* TASK OBJECTIVE *
Could you print, exactly and without pictures, only the lines from the one with "5D调查在黑猫投诉【投诉入口" through the end of the records below?

* SUPPLIED MATERIAL *
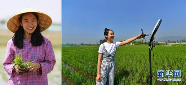 拼版照片:左圖為程玉嬌在太原市晉源區(qū)三家村水稻田里;右圖為程玉嬌在水稻田里進行直播(7月9日攝)。今年24歲的程玉嬌2019年留學(xué)回國后,選擇了返鄉(xiāng)創(chuàng)業(yè)發(fā)展稻魚菜綜合種養(yǎng)農(nóng)業(yè)。晉源區(qū)三家村出產(chǎn)的大米遠近聞名,程玉嬌在社交平臺上開通了雙語直播,在科普水稻知識的同時拓展銷售渠道,不僅生意做得風(fēng)風(fēng)火火,自己也變成了小有名氣的“網(wǎng)紅”。
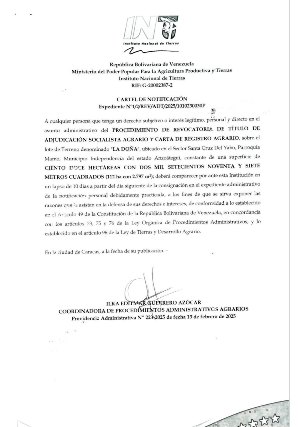 El INTI, Instituto Nacional de Tierras, emitió un Cartel de Notificación en relación al Procedimiento de Revocatoria de Título de Adjudicación Socialista Agrario y Carta de Registro Agrario, sobre el lote de terreno denominado «La Doña», ubicado en el sector Santa Cruz del Yabo, parroquia Mamo, municipio Independencia del estado Anzoátegui. El documento está suscrito por Ilka Guerrero Azócar, coordinadora de procedimientos administrativos agrarios.
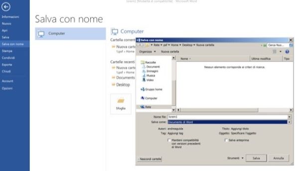 Visto? Semplice e “indolore”. Se utilizzi Office 2013 - mi raccomando - dopo aver cliccato su Salva con nome devi selezionare anche le voci Computer e Sfoglia dalla schermata che si apre. Altrimenti non comparirà la finestrella in cui scegliere formato e cartella di destinazione del documento da esportare.
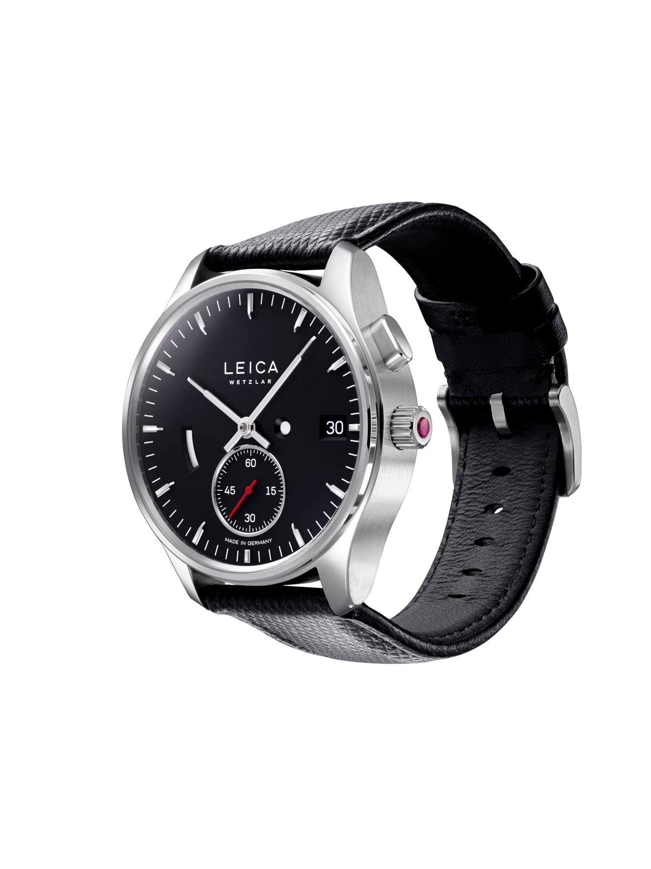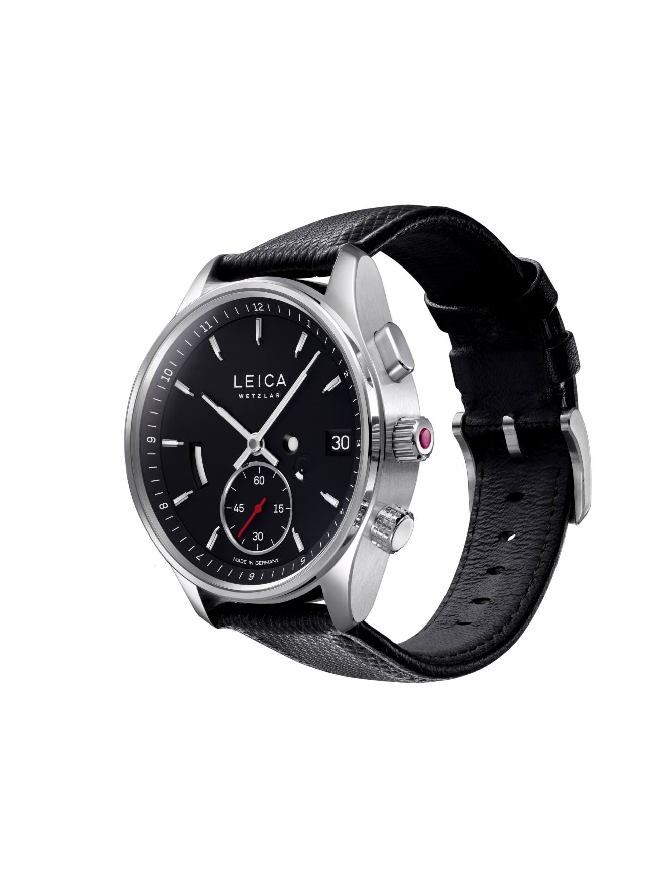 Design and technology are evident in the new Leica watches: both the front glass and the back-case-cover are made of scratch-resistant sapphire crystal, with the front being anti-reflective on both sides, and each model has the patented push-piece crown with a corresponding status display on the dial. The combination with the zero setting of the second-hand is another special feature – the crown is therefore not only aesthetically appealing, but also adds a useful function to the watches.
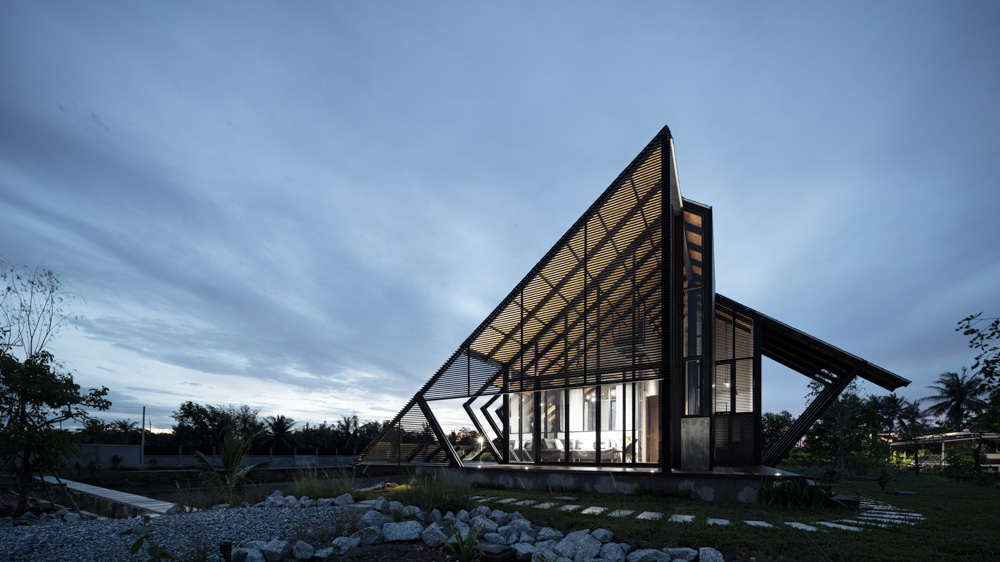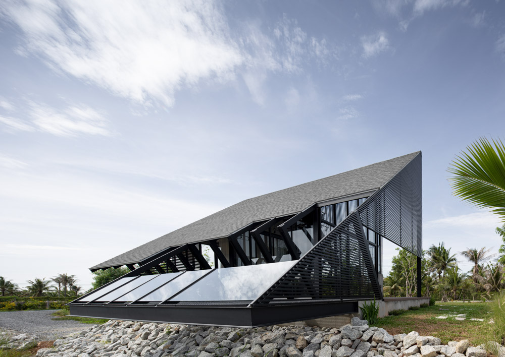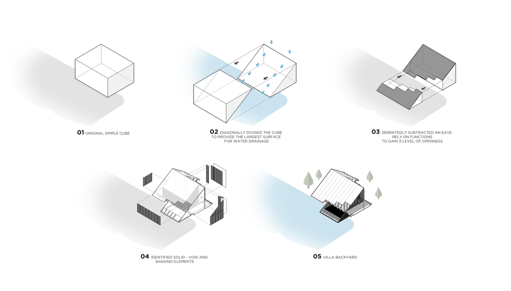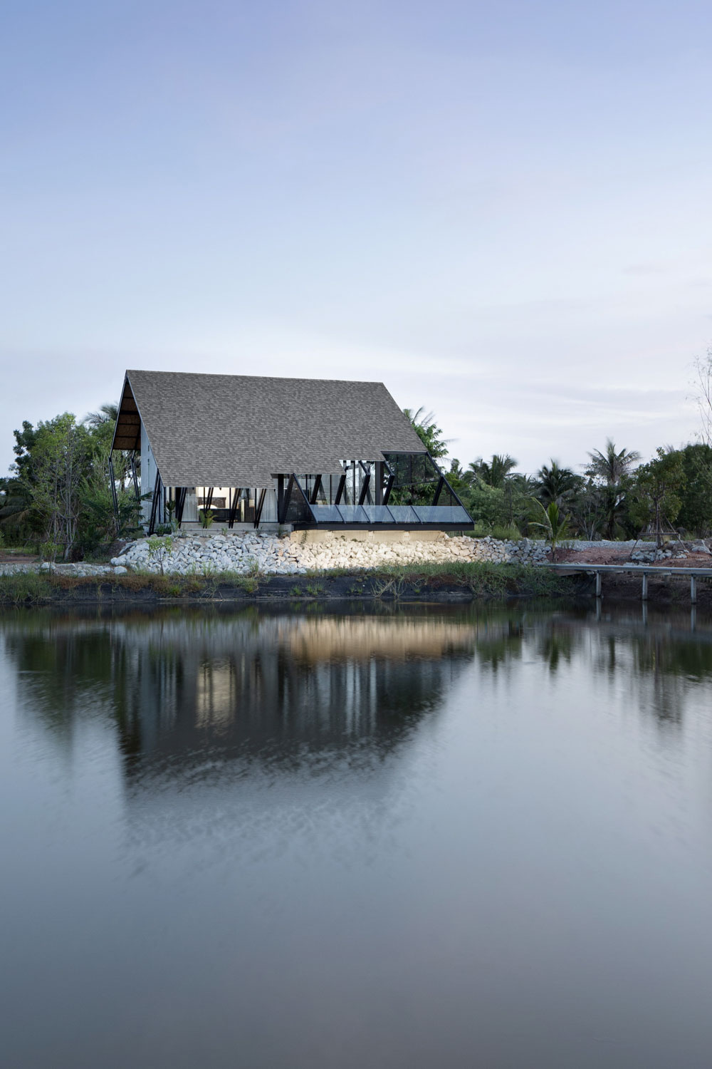 An architecture is considered to live along and be part of this water treatment process, therefore, shape and approach are designed to support this development. The designed is originated by a simple cube which is diagonally slashed in half to provide the largest slanted cantilevered surface which act as a roof and wall for draining water, together with all the functions serve what a single-family residence needed within a small, affordable, and useful house, as well as sustainability. An open-plan living space which is arrangeable to multipurpose use, such as family gathering, dining, and extension sleeping area, connects to both private and semi-public area. A waterside edge, in which a bedroom and an outdoor terrace are located, is serratedly subtracted to act as a shading element as well as gaining hierarchical openness; the highest openness at the entrance terrace allows taking sight in standing position, while middle and low for living space and bedroom allows panoramic view in sitting and laying down position, respectively. The other shading elements, a durable aluminum trellis, are apply for the rest wall for heat protection.
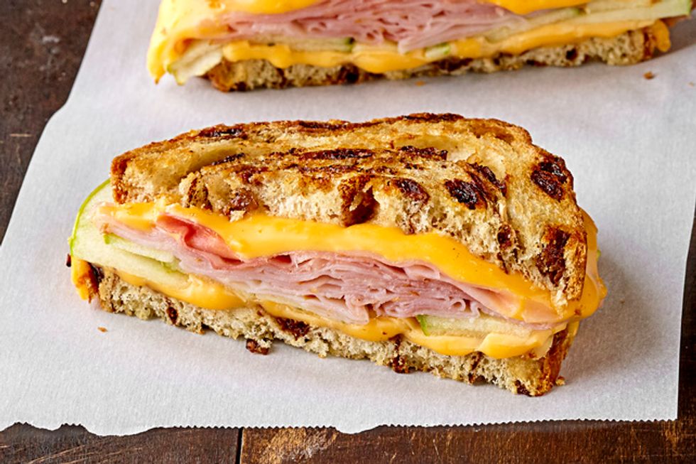 For more step-by-step instructions, visit: http://www.kraftrecipes.com/recipes/grilled-cheese-ham-apples-210132.aspx
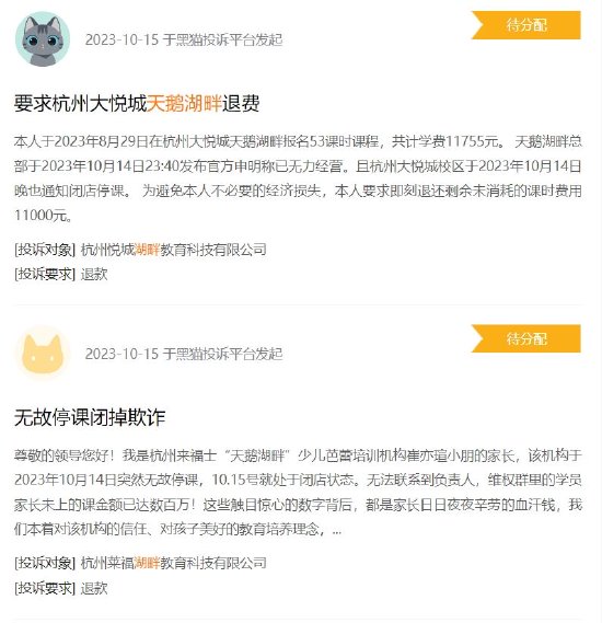 5D调查在黑猫投诉【投诉入口】搜索发现,近期也出现多起对“天鹅湖畔少儿芭蕾”的投诉。有家长表示,于今年8月29日在杭州大悦城天鹅湖畔报名53课时课程,共计学费11755元,但是该校区于10月14日晚也通知闭店停课。还有家长称杭州来福士门店10月14日突然无故停课,10月15号就处于闭店状态,且无法联系到负责人,维权群里的学员家长未上的课金额已达数百万。
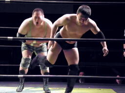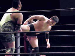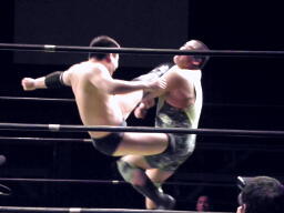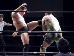 入江コーナーに振ってスプラッシュ狙う、妻木かわしてドロップキック(左写真)、倒れないと見るやロープに飛んでもう一発ドロップキック、倒す。
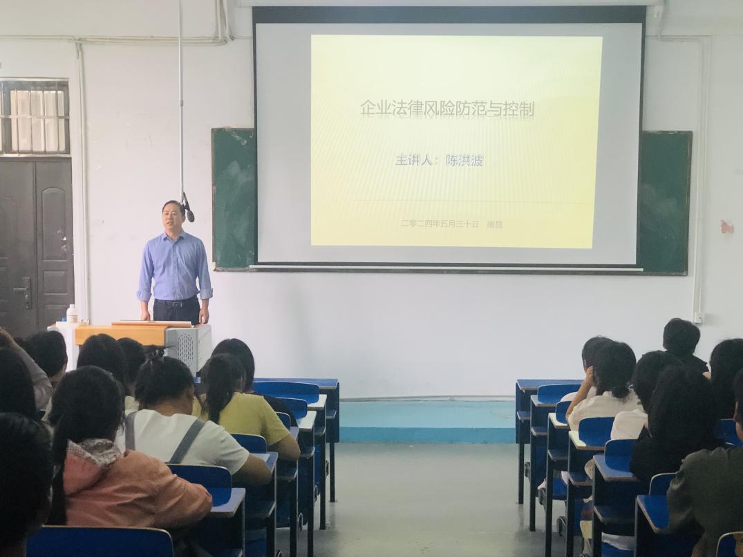 为贯彻落实习近平总书记关于“法治是最好的营商环境”重要论述精神,为提高必赢官网广大学生的法律意识,大力弘扬法治精神,创建和谐校园,5月30日下午,马克思主义学院在三达楼阶梯六举行以“企业法律风险防范与控制”为主题的普法讲座。特别邀请了马克思主义学院陈洪波副教授作为主讲人。
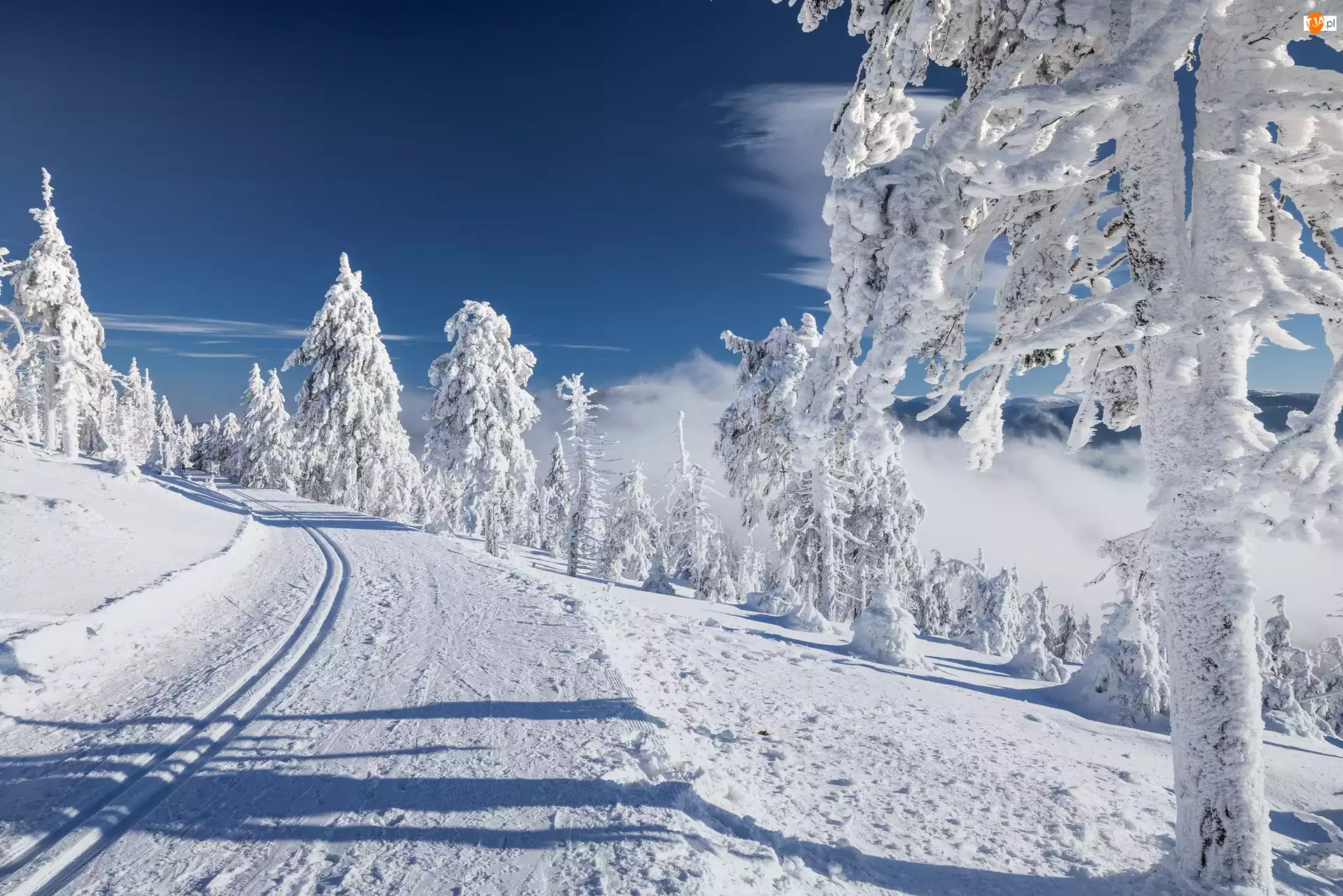 Zaśnieżone, Zima, Droga, Światło słoneczne, D
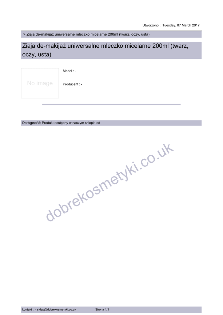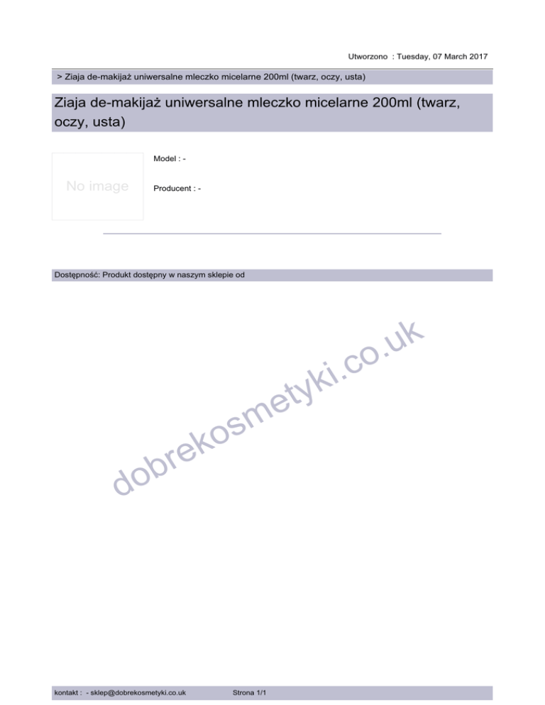 Utworzono : Tuesday, 07 March 2017 > Ziaja de-makijaż uniwersalne mleczko micelarne 200ml (twarz, oczy, usta) Ziaja de-makijaż uniwersalne mleczko micelarne 200ml (twarz, oczy, usta) Model : - No image Producent : - Dostępność: Produkt dostępny w naszym sklepie od y t e k u . o c . i k m s o k e br do kontakt : - [email protected] Strona 1/1

* SOLUTION BELOW *
 5D调查在黑猫投诉【投诉入口】搜索发现,近期也出现多起对“天鹅湖畔少儿芭蕾”的投诉。有家长表示,于今年8月29日在杭州大悦城天鹅湖畔报名53课时课程,共计学费11755元,但是该校区于10月14日晚也通知闭店停课。还有家长称杭州来福士门店10月14日突然无故停课,10月15号就处于闭店状态,且无法联系到负责人,维权群里的学员家长未上的课金额已达数百万。
 入江コーナーに振ってスプラッシュ狙う、妻木かわしてドロップキック(左写真)、倒れないと見るやロープに飛んでもう一発ドロップキック、倒す。
 为贯彻落实习近平总书记关于“法治是最好的营商环境”重要论述精神,为提高必赢官网广大学生的法律意识,大力弘扬法治精神,创建和谐校园,5月30日下午,马克思主义学院在三达楼阶梯六举行以“企业法律风险防范与控制”为主题的普法讲座。特别邀请了马克思主义学院陈洪波副教授作为主讲人。
 Zaśnieżone, Zima, Droga, Światło słoneczne, D
 Utworzono : Tuesday, 07 March 2017 > Ziaja de-makijaż uniwersalne mleczko micelarne 200ml (twarz, oczy, usta) Ziaja de-makijaż uniwersalne mleczko micelarne 200ml (twarz, oczy, usta) Model : - No image Producent : - Dostępność: Produkt dostępny w naszym sklepie od y t e k u . o c . i k m s o k e br do kontakt : - [email protected] Strona 1/1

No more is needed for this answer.